Carla Almeida, também com 40 anos, conta uma história parecida: “Estou a viver na casa da minha avó, com o meu irmão de 35 anos que nunca chegou a sair de casa. Passei por uma separação complicada em 2007. Na altura tinha um emprego como diretora comercial em que ganhava muito bem, mas a multinacional deixou de ter representação em Portugal e fiquei desempregada. Tínhamos uma casa que pusemos à venda quando nos separámos mas não conseguimos vender e deixámos de conseguir pagar as prestações ao banco. A situação arrastou-se e chegou ao pré contencioso do banco. mais tarde conseguimos vender a casa, mas por um valor muito abaixo do que a tinhamos comprado, ficámos ainda  com uma dívida, que ficou a meu cargo porque o meu companheiro já tinha outras dívidas… Eu também tinha outro crédito e basicamente fiquei com uma renda a pagar ao banco… mas sem casa. Primeiro aluguei uma casa para viver e depois , porque as despesas eram grandes, partilhei casa com outra pessoa, mas mesmo assim o encargo financeiro era grande para mim e a solução foi vir morar com a minha avó (os meus pais já faleceram).

Para Teresa Gonçalves, 48, não foi o divórcio ou o desemprego a despoletar o regresso a casa dos pais, mas a espiral de créditos malparados. Funcionária Pública, a diminuição de 200 euros no ordenado juntamente com a abolição dos subsídios de férias e natal, desequilibrou-lhe as finanças. Como muitos outros portugueses navegou os anos de bonança fazendo alguns créditos pessoais além do crédito habitação. Quando o rendimento encolheu e surgiram despesas imprevistas, ficou na corda bamba, sem capacidade de fazer face às despesas. “Tive de pedir ajuda ao banco, fiz uma consolidação de créditos e vim viver para casa da minha mãe até ter a situação regularizada”.

Bênção ou pesadelo?

Estará a desenhar-se, à boleia da crise, uma nova forma de organização familiar? Um regresso à coabitação de várias gerações? Que implicações psicológicas terá para pais e filhos esta coabitação forçada na idade adulta?
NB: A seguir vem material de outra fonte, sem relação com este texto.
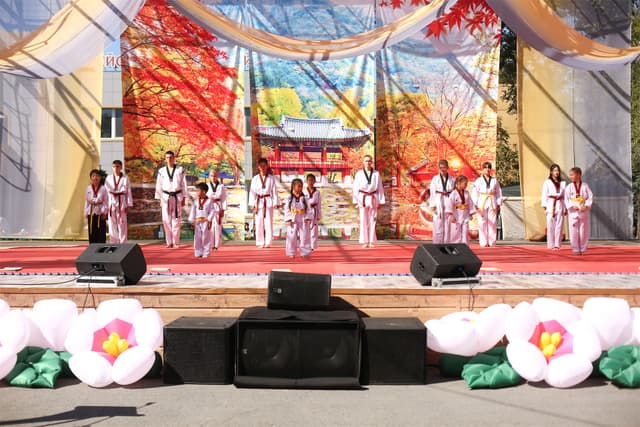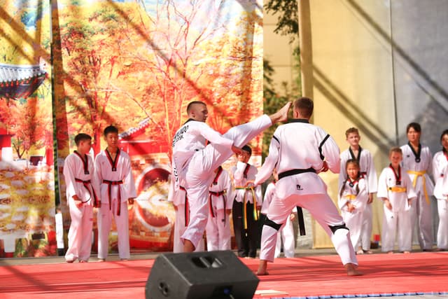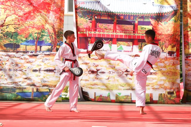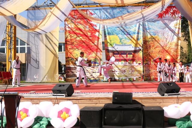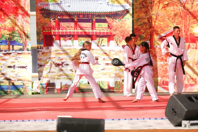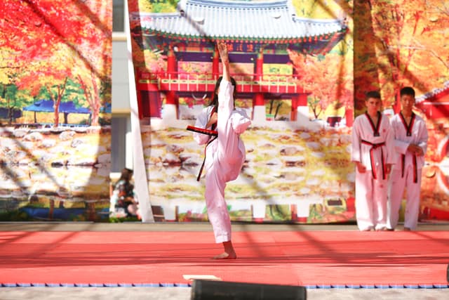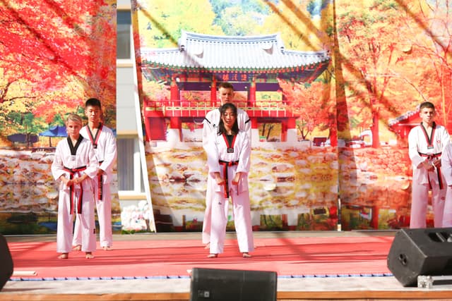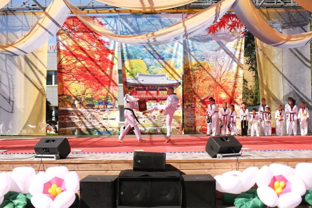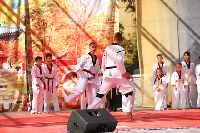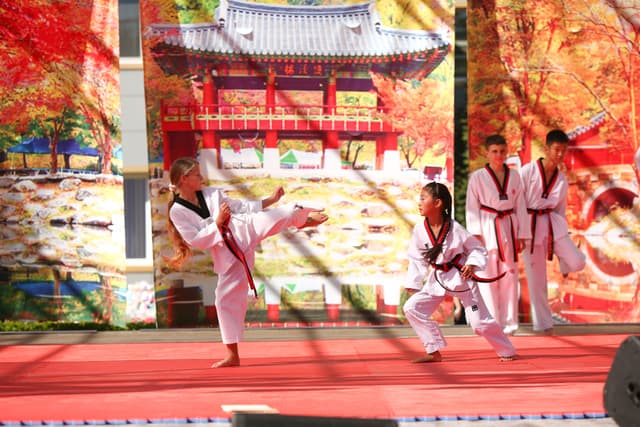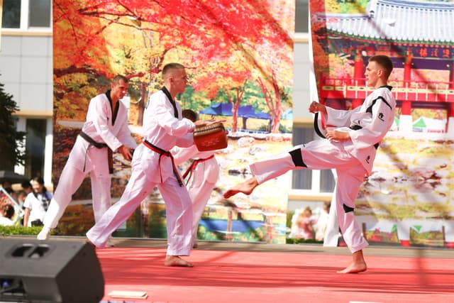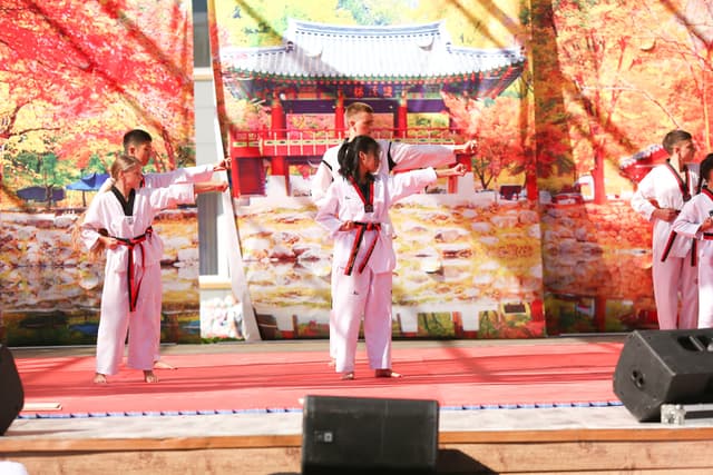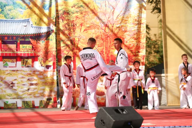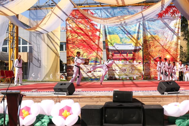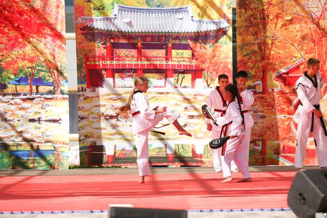 Также в числе участников фестиваля были наши спортсмены, которые продемонстрировали красоту традиционного корейского единоборства тхэквондо.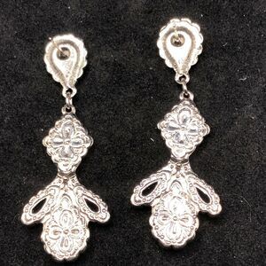 Silver Tone Southwestern Style Dangle Pierced Earrings Coral Turquoise Colored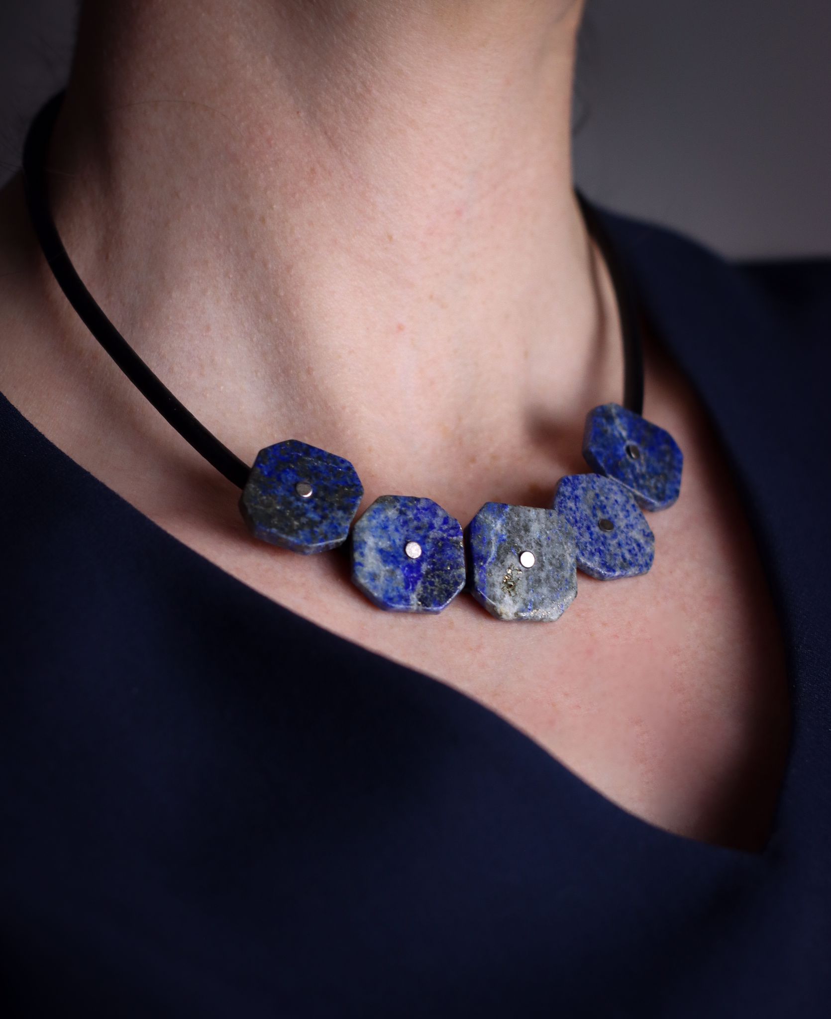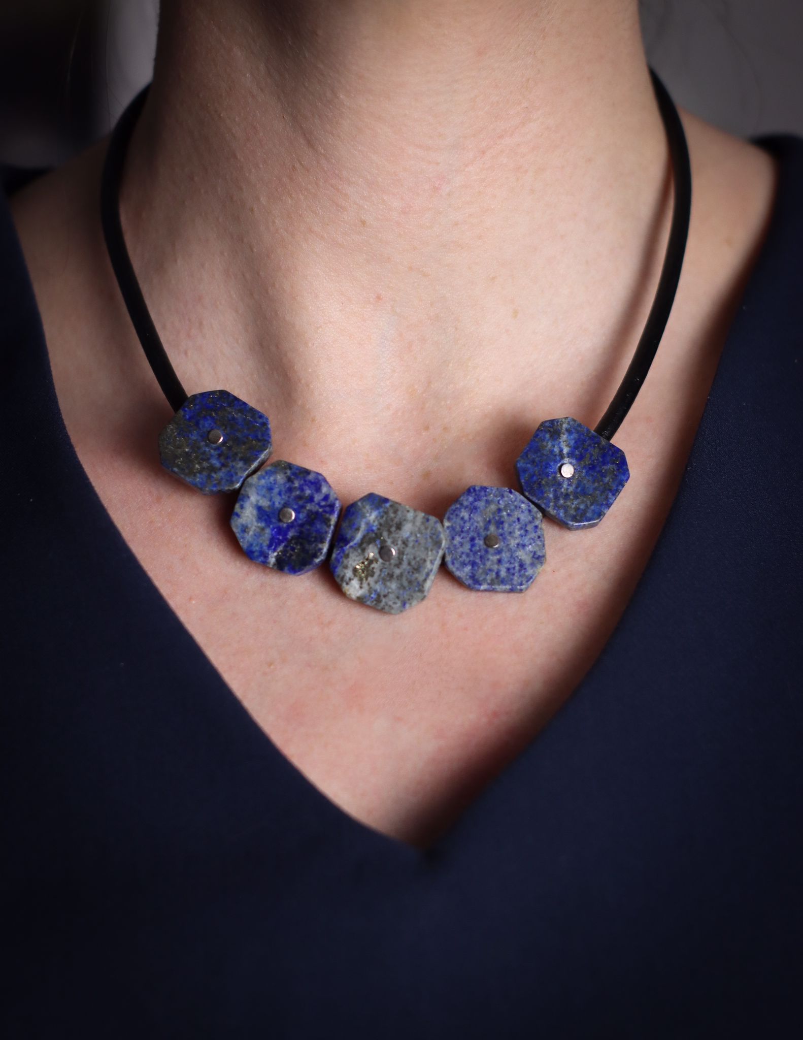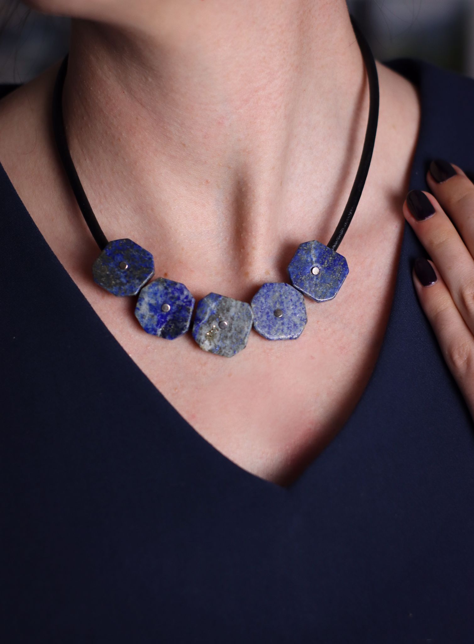 Ręcznie wykonany przez Magdę naszyjnik Lapisowe Plastry w niebieskim odcieniu oraz srebra pr. 925 na rzemieniu w kolorze czarnym.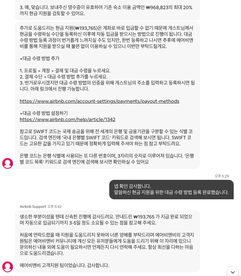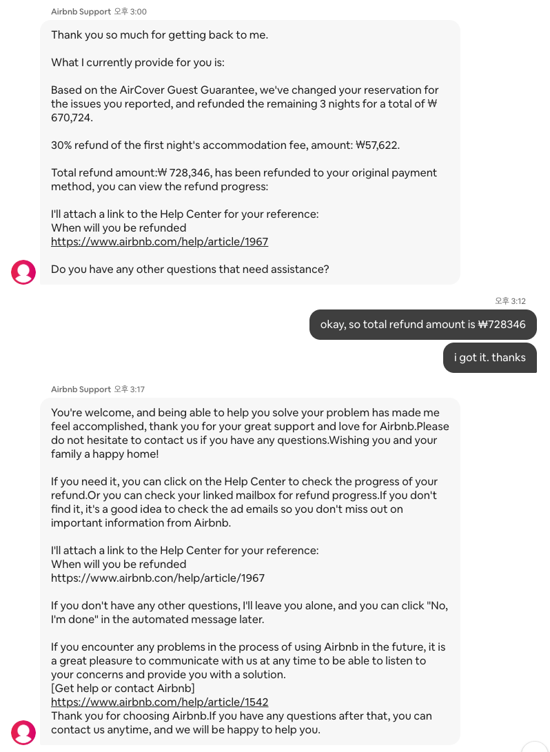 새벽 2시였음에도 불구하고, 에어비앤비 고객 지원팀은 신속하게 대응해 주었습니다.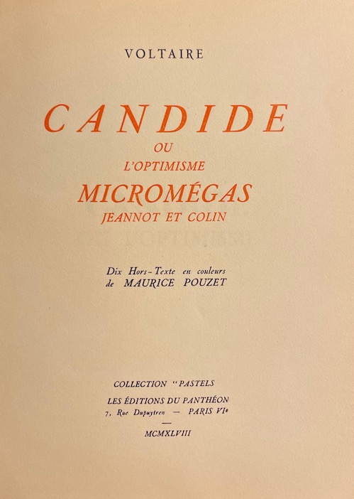 VOLTAIRE Candide ou l’optimisme – suivi de: Micromégas et de Jeannot et Colin. Paris, Ed. du Panthéon (coll. Pastels), 1948.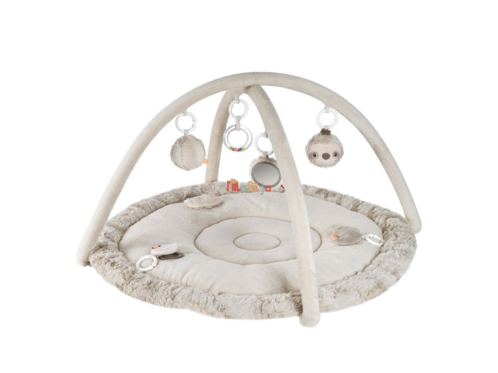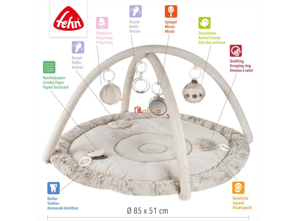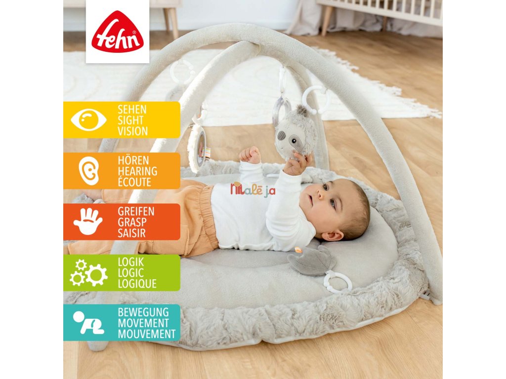 Interaktívna deka s leňochodom a priestorom na ležanie z rôznych hebkých materiálov pozýva bábätko k mojkaniu, skúmaniu a hre. Tri odnímateľné prvky so šuštivým papierom, pískatkom a hrkálkou na deke podporujú hmatové vnímanie a koordináciu ruka–oko.

E que impacto terá para os filhos o regresso à casa de onde se saiu em nome da conquista da autonomia?

“A minha mãe é excelente e tenta que eu não sinta desconforto, mas qualquer pessoa que já tenha tido a sua casa, principalmente com filhos, sabe que é complicado perder o seu espaço, o meu espaço e da minha família”, desabafa Rita Silva. A minha defesa é tentar não pensar no assunto e distrair-me, mas não me vou adaptar, isto não é o meu conceito de vida. A minha filha está na faculdade e se tudo correr bem pode arranjar um part time e deixar de ser uma responsabilidade económica total para mim. O meu objetivo é conseguir ter a minha casa novamente. Entretanto, tento criar o meu espaço aqui e de alguma forma manter um tempo familiar para fazer as coisas à nossa maneira e ter os nossos rituais. Há dias ficámos, eu e os meus dois filhos, a ver um filme. Agora queria arranjar um sítio para passar férias, uma semana só os três, uma casinha, precisamos disso!”.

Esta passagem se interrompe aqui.